* **Task to carry out**: After locating the line that contains "Know about an" in the material below, copy that line and each one following it, exactly, up to the last line. Pictures stay out.

━━━ Stored data

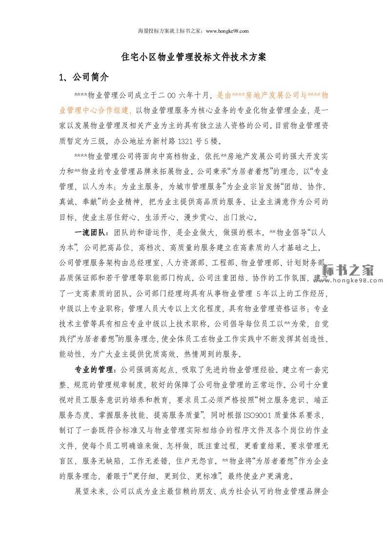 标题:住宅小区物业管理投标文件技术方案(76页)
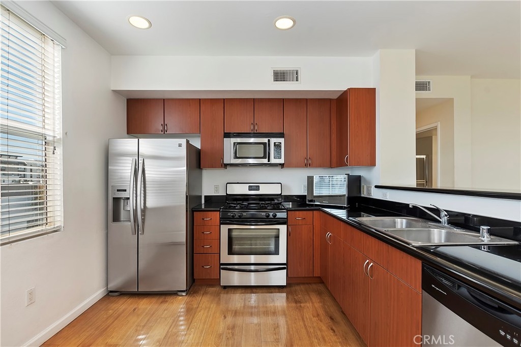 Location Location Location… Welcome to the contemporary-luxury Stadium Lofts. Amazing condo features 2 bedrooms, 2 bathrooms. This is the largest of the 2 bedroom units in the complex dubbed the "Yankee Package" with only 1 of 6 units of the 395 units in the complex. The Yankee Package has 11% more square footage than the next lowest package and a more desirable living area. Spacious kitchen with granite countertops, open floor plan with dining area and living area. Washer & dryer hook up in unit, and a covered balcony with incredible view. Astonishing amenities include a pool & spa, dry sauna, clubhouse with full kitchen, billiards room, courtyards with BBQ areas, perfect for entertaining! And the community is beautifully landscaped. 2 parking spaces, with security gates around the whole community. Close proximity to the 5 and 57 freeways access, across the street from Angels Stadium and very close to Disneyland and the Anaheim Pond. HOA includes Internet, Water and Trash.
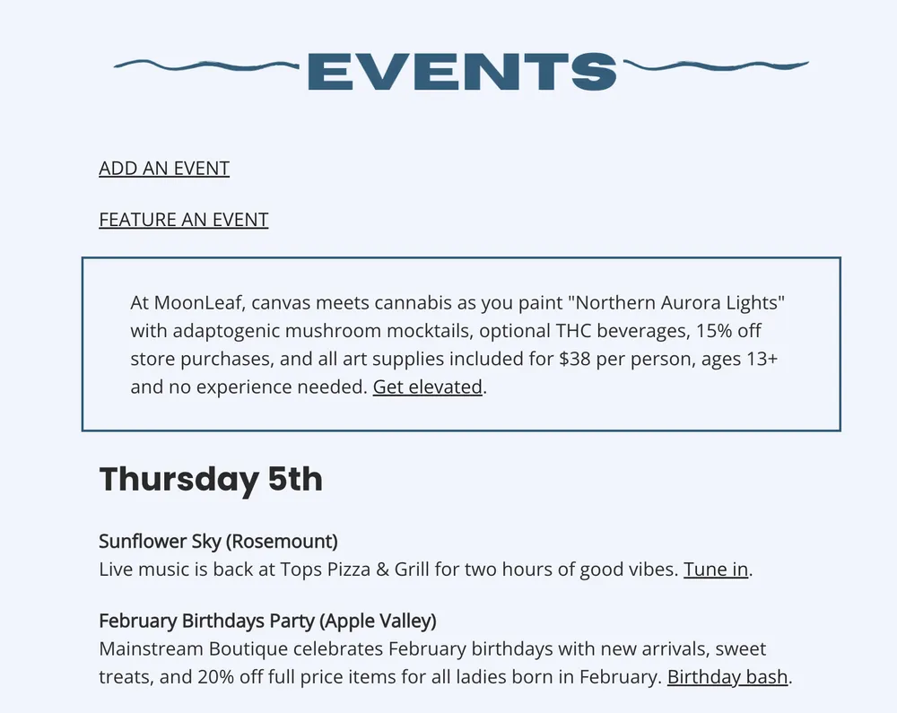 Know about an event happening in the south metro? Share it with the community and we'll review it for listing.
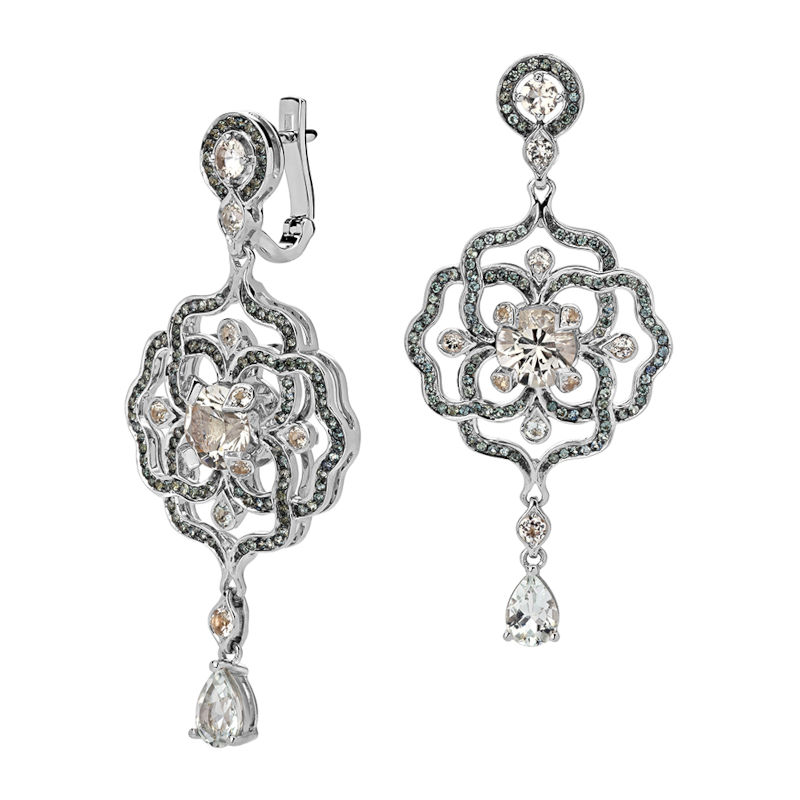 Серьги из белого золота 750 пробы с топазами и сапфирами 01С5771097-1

━━━━━━

* **Exercise output**:
 Know about an event happening in the south metro? Share it with the community and we'll review it for listing.
 Серьги из белого золота 750 пробы с топазами и сапфирами 01С5771097-1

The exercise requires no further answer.